[[ Material for this exercise, beginning ]]
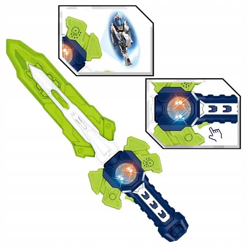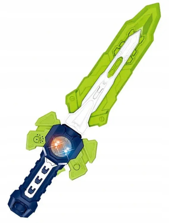 Меч имеет световые и звуковые эффекты. После нажатия кнопки на рукоятке меча лезвие загорается, создавая великолепный эффект и звук. Дополнительно в держателе имеется проектор, который после нажатия кнопки отображает изображение робота на стене. Меч имеет впечатляющие световые эффекты, что, несомненно, сделает игру очень увлекательной.
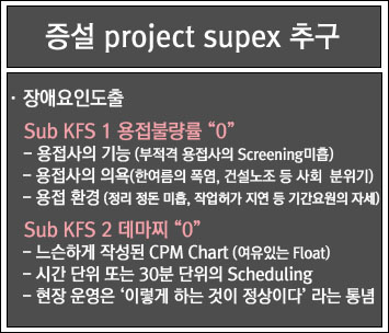 한마디 덧붙인다면 목표하였던 공기 단축은 SUPEX 목표 일수인 60일을 훨씬 하회하는 49일에 완공되어 초과 달성되었다. 조기 완공에 대한 보너스를 SK건설에 지불하려고 하자 SK건설 사장은 손을 내저었다. 비록 단가 높은 용접사를 투입하는 등 부분적으로 비용 증가 요인이 없었던 것은 아니나, 공기단축으로 인해 이미 충분한 공사비 절감이 이루어져서 보너스까지 받을 염치가 없다는 것이 그 이유였다. 그뿐 아니라 이 공동 SUPEX 추구를 통하여 많은 것을 배웠으며 그것으로 이미 충분히 보상을 받았다는 것이었다.
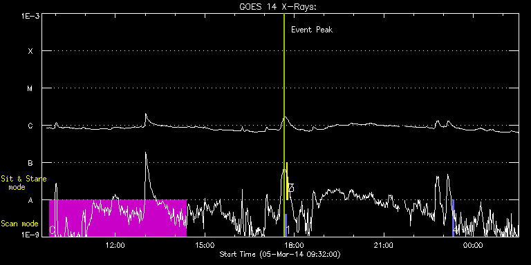 EIS Observation timeline overlay to GOES-Xray curve Code 1" 2" 40" 266" EIS Observations list for this event: STUDY ACRONYM ID DATE OBSERVED DESCRIPTION NOAA# TARGET 0 SK_CH_DIAG_320x384 | 38961 | 2014/03/05 09:46:50 | HOP 81: Polar monitoring campaign | | Coronal Hole TIMELINE ID DATE OBSERVED FITS FILE XCEN (+W/-E) YCEN (+N/-S) DUR ----------------------------------------------------------------------------------------------------------------- 38961 | 2014/03/05 09:46:50.000 | eis_l0_20140305_094650.fits.gz | -4.89 | -943.69 | 4h35m37s 1 PRY_slot_contextLITE | 38962 | 2014/03/05 17:41:33 | EIS pointing monitoring | | Active Region TIMELINE ID DATE OBSERVED FITS FILE XCEN (+W/-E) YCEN (+N/-S) DUR ----------------------------------------------------------------------------------------------------------------- 38962 | 2014/03/05 17:41:33.000 | eis_l0_20140305_174133.fits.gz | -15.06 | -0.42 | 2m57s 2 Alignment_266 | 38963 | 2014/03/05 17:45:06 | EIS pointing monitoring | | Quiet Sun TIMELINE ID DATE OBSERVED FITS FILE XCEN (+W/-E) YCEN (+N/-S) DUR ----------------------------------------------------------------------------------------------------------------- 38963 | 2014/03/05 17:45:06.000 | eis_l0_20140305_174506.fits.gz | -132.57 | -0.35 | 1m22s 3 XRT_synop_AIA | 38964 | 2014/03/05 17:47:38 | EIS pointing monitoring | | Quiet Sun TIMELINE ID DATE OBSERVED FITS FILE XCEN (+W/-E) YCEN (+N/-S) DUR ----------------------------------------------------------------------------------------------------------------- 38964 | 2014/03/05 17:47:38.000 | eis_l0_20140305_174738.fits.gz | -132.57 | -0.58 | 10s 4 PRY_slot_context_v3 | 38965 | 2014/03/05 23:18:27 | IHOP 246: Hot plasma in AR | 1990 | Active Region TIMELINE ID DATE OBSERVED FITS FILE XCEN (+W/-E) YCEN (+N/-S) DUR ----------------------------------------------------------------------------------------------------------------- 38965 | 2014/03/05 23:18:27.000 | eis_l0_20140305_231827.fits.gz | 607.64 | -144.49 | 2m56s : Check study information : Download file : View thumbnails For this event, also check for:
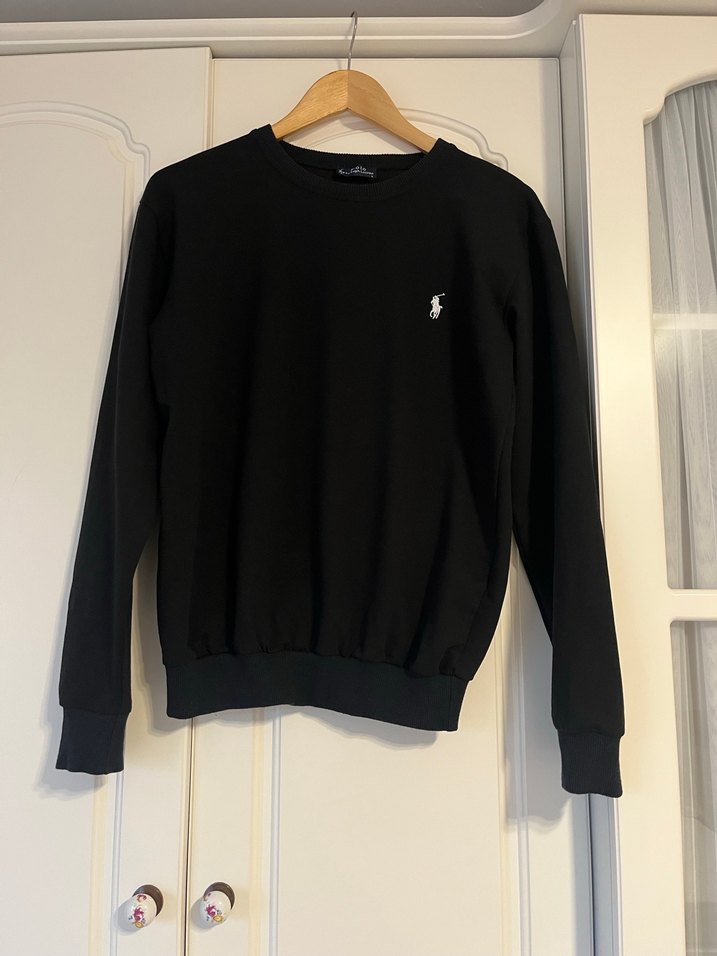 Uzun kollu, bisiklet yaka siyah erkek sweatshirt, bol kesim ve yumuşak sıcak kumaş. Minimalist, desensiz tasarım, rahat sokak stili için.
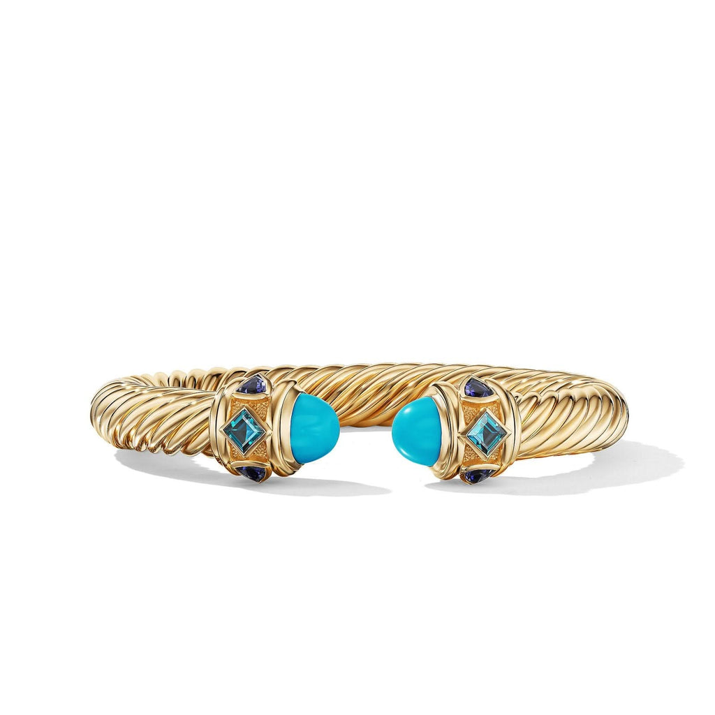 DAVID YURMAN Renaissance® Cablespira Bracelet in 18K Yellow Gold with Turquoise, Hampton Blue Topaz, and Iolite, 9mm
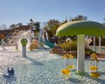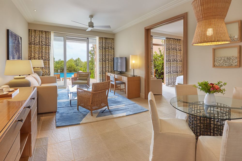 Family Suite - environ 70 m², chambre principale avec salle de bains attenante, vaste espace de vie avec deuxième salle de bains, grande terrasse, vue sur les jardins et les piscines de la station.
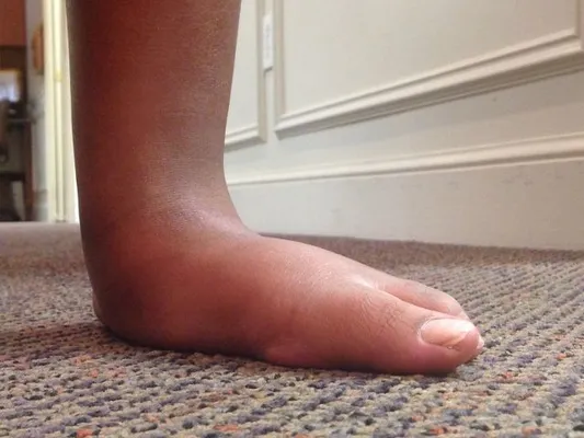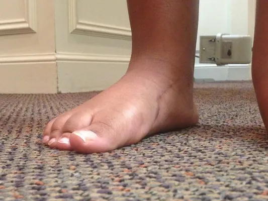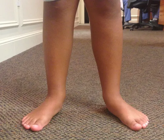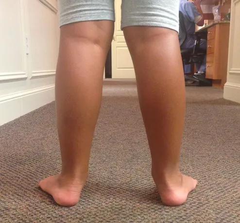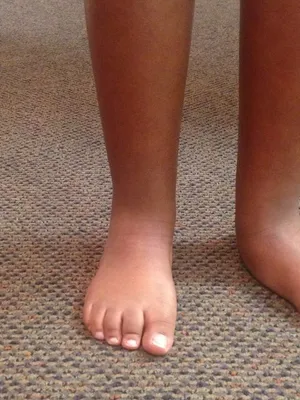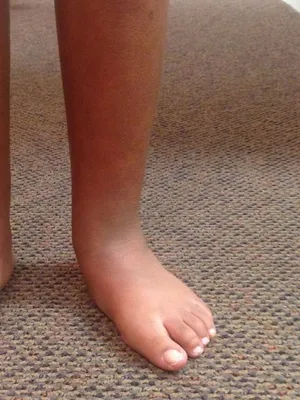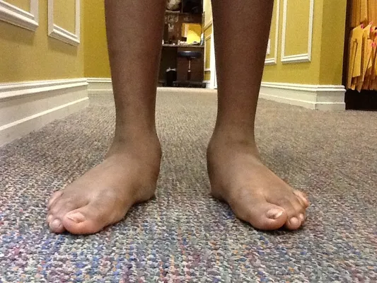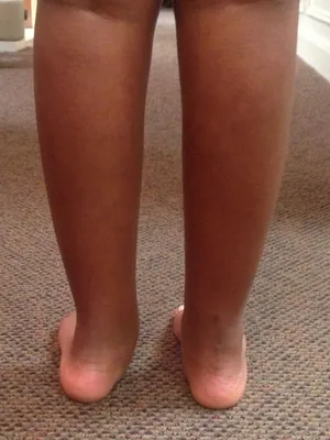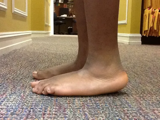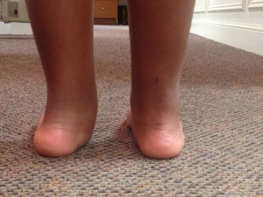 - When viewing the child from behind, the heel appears to be turned out and the arch bulges on the inside of the foot just below the ankle.
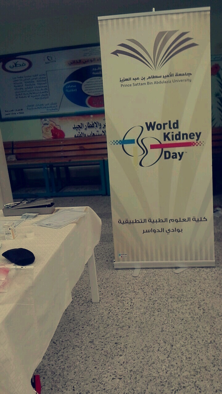 تحت إشراف الدكتورة/ ميرفت محمد لبيب الكاشف مشرفة كلية العلوم الطبية التطبيقية نظم المجلس الاستشاري للطالبات بقيادة أ/ هيفاء عابدين مشرفة المجلس الاستشاري وبمشاركة طالبات الكلية يوم صحي بعنوان (صحتك في كليتك) في اطار الاحتفال باليوم العالمي للكلى 2017بثانوية الشرافاء الأولى وقد تضمن اليوم الصحي محاضرة بعنوان (كيف تحافظ على سلامة كليتك) و التي القتها أ. هيفاء عابدين عثمان أستاذة أمراض الدم والمناعة الدموية بقسم علوم المختبرات الطبية كما اشتمل البرنامج الصحي على بعض الفحوصات و التحاليل الطبية التي لها علاقة بأمراض الكلى هذا بالإضافة إلى فقرة ثقافية ترفيهية متعلقة بالكلى وأمراضها لنشيط الجانب الذهني و الإدراكي لدى طالبات و منسوبات المدرسة وترسيخ المعلومات المتعلقة بكيفية الحفاظ على سلامة الكلى
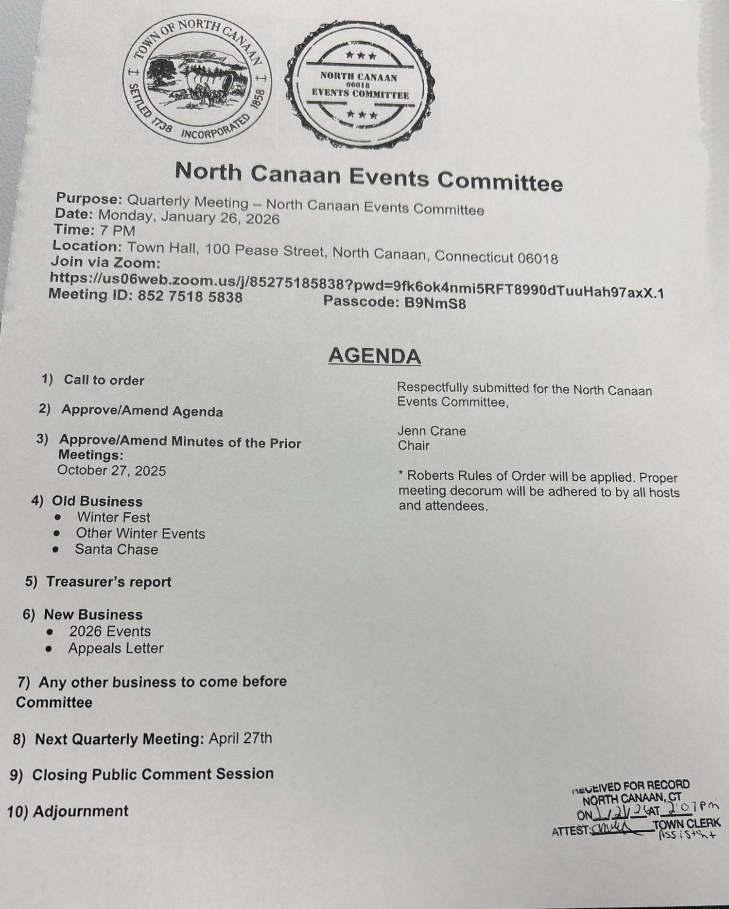 PNZ Public Hearing & Monthly Meeting Agenda
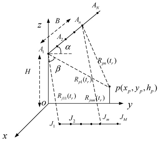 As shown in Figure 1, the multibaseline InSAR system works at the broadside mode with receiving antennas, where the antenna serves as the transmitter and all antennas receive the echoes simultaneously. The system is mounted on an airplane, which is flying at a constant velocity parallel to the positive x-axis at a height of . and denote the depression angle and the inclination of the baseline, respectively. represents the length of the baseline, which between and is , and between and is . Correspondingly, denotes as the length of the baseline between and . is a point in the three-dimension scene and its coordinate is shown by . denotes the instantaneous slant-range from the point to the antenna , where is the slow time. At , the antenna lies in the y–o–z plane and its coordinate is expressed as varying with . All transponders are placed parallel to the y-axis in the x–o–y plane with the same azimuth coordinate. is the instantaneous slant-range between the antenna and the transponder , where and serve as the index for each receiving antenna and each transponder, respectively.
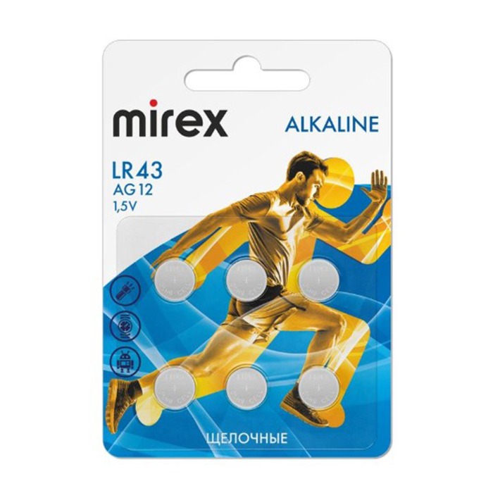 Элемент питания Mirex AG12 / LR43 1,5V 6 шт (6/216/648), ecopack
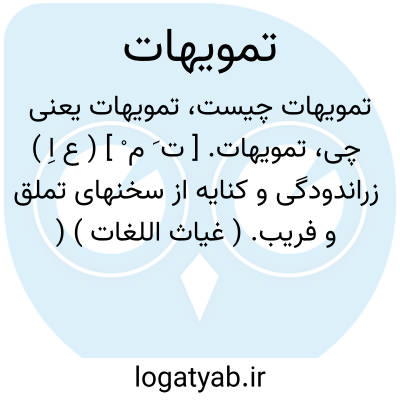 لغت نامه دهخدا تمویهات. [ ت َ م ْ ] ( ع اِ ) زراندودگی و کنایه از سخنهای تملق و فریب. ( غیاث اللغات ) ( آنندراج ): من می اندیشم که بلطایف حیل و بدایع تمویهات گرد این غرض درآیم. ( کلیله و دمنه ). رجوع به تمویه شود.
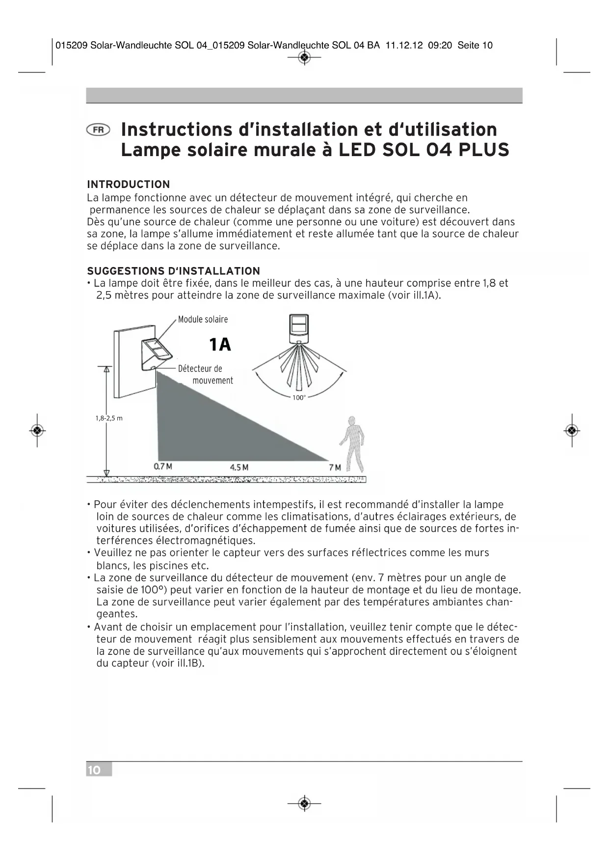 Incorrect disposal of batteries rechargeable batteries can harm the environment! Batteries and rechargeable batteries do not belong in the household waste. They can contain poisonous heavy metals and are subject to treatment as hazardous wastes. Take your used batteries to a municipal collection site. 015209 Solar-Wandleuchte SOL 04_015209 Solar-Wandleuchte SOL 04 BA 11.12.12 09:20 Seite 910 Instructions d’installation et d‘utilisation Lampe solaire murale à LED SOL 04 PLUS INTRODUCTION La lampe fonctionne avec un détecteur de mouvement intégré, qui cherche en permanence les sources de chaleur se déplaçant dans sa zone de surveillance. Dès qu’une source de chaleur (comme une personne ou une voiture) est découvert dans sa zone, la lampe s’allume immédiatement et reste allumée tant que la source de chaleur se déplace dans la zone de surveillance.
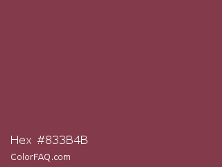 Hex #833b4b Color is a normal red color and the nearest color is Cordovan #893f45. Hex code #833b4b and RGB value is rgb(131,59,75). In RGB color space, this color is composed of 51% red, 23% green, 29% blue, In CMYK color space, this color is composed of 0% cyan, 55% magenta, 43% yellow , 49% black , In HSL color space, this color has a hue angle of 347° , 38% saturation and 37% lightness.
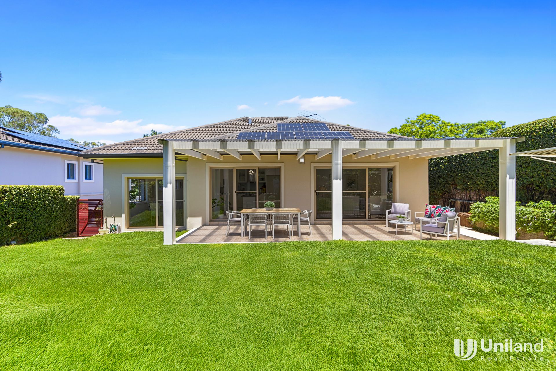 -Other features: concrete eco-block walls, ducted air conditioning, automatic lock-up double garage, ample storage, LED downlights, solar panels, and an internal laundry.
[[ Material for this exercise, end ]]
• Assigned task:
Although the records above contain pictures, the copy should not; retype exactly the lines from the one containing "PNZ Public Hearing & Monthly Meeting Agenda" through the one containing "لغت نامه دهخدا".

• Problem solution:
 PNZ Public Hearing & Monthly Meeting Agenda
 As shown in Figure 1, the multibaseline InSAR system works at the broadside mode with receiving antennas, where the antenna serves as the transmitter and all antennas receive the echoes simultaneously. The system is mounted on an airplane, which is flying at a constant velocity parallel to the positive x-axis at a height of . and denote the depression angle and the inclination of the baseline, respectively. represents the length of the baseline, which between and is , and between and is . Correspondingly, denotes as the length of the baseline between and . is a point in the three-dimension scene and its coordinate is shown by . denotes the instantaneous slant-range from the point to the antenna , where is the slow time. At , the antenna lies in the y–o–z plane and its coordinate is expressed as varying with . All transponders are placed parallel to the y-axis in the x–o–y plane with the same azimuth coordinate. is the instantaneous slant-range between the antenna and the transponder , where and serve as the index for each receiving antenna and each transponder, respectively.
 Элемент питания Mirex AG12 / LR43 1,5V 6 шт (6/216/648), ecopack
 لغت نامه دهخدا تمویهات. [ ت َ م ْ ] ( ع اِ ) زراندودگی و کنایه از سخنهای تملق و فریب. ( غیاث اللغات ) ( آنندراج ): من می اندیشم که بلطایف حیل و بدایع تمویهات گرد این غرض درآیم. ( کلیله و دمنه ). رجوع به تمویه شود.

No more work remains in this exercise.